[Exercise data]

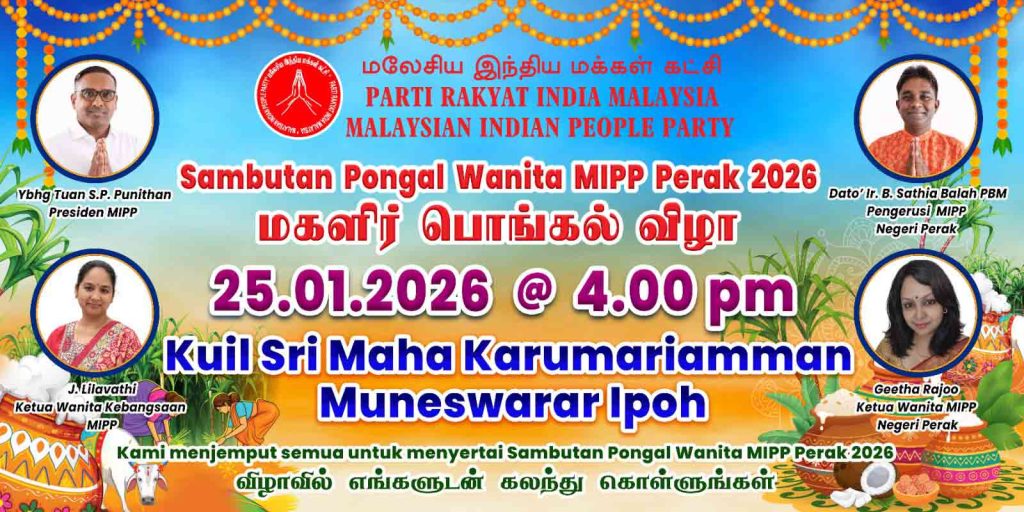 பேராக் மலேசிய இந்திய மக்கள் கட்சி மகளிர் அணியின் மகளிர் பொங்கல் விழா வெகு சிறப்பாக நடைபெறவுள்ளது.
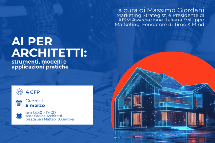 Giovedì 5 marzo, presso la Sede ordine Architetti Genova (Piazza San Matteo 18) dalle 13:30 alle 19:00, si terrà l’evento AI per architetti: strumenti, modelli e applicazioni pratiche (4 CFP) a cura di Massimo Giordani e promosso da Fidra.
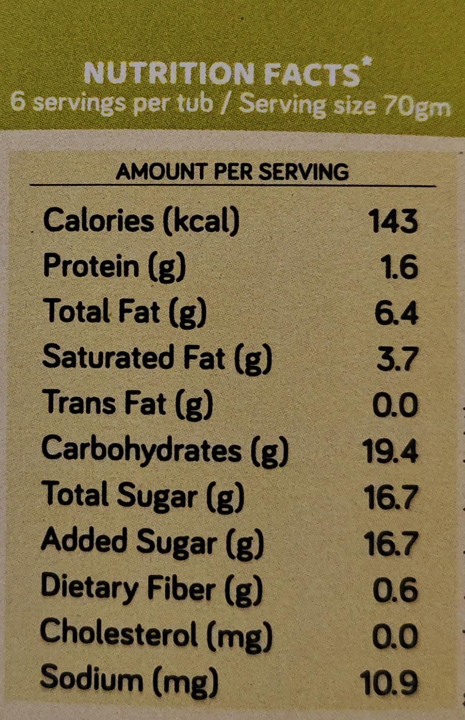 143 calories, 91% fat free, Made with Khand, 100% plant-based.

[What to produce] Pictures stay out; print everything else in the data exactly.

[Task response]
 பேராக் மலேசிய இந்திய மக்கள் கட்சி மகளிர் அணியின் மகளிர் பொங்கல் விழா வெகு சிறப்பாக நடைபெறவுள்ளது.
 Giovedì 5 marzo, presso la Sede ordine Architetti Genova (Piazza San Matteo 18) dalle 13:30 alle 19:00, si terrà l’evento AI per architetti: strumenti, modelli e applicazioni pratiche (4 CFP) a cura di Massimo Giordani e promosso da Fidra.
 143 calories, 91% fat free, Made with Khand, 100% plant-based.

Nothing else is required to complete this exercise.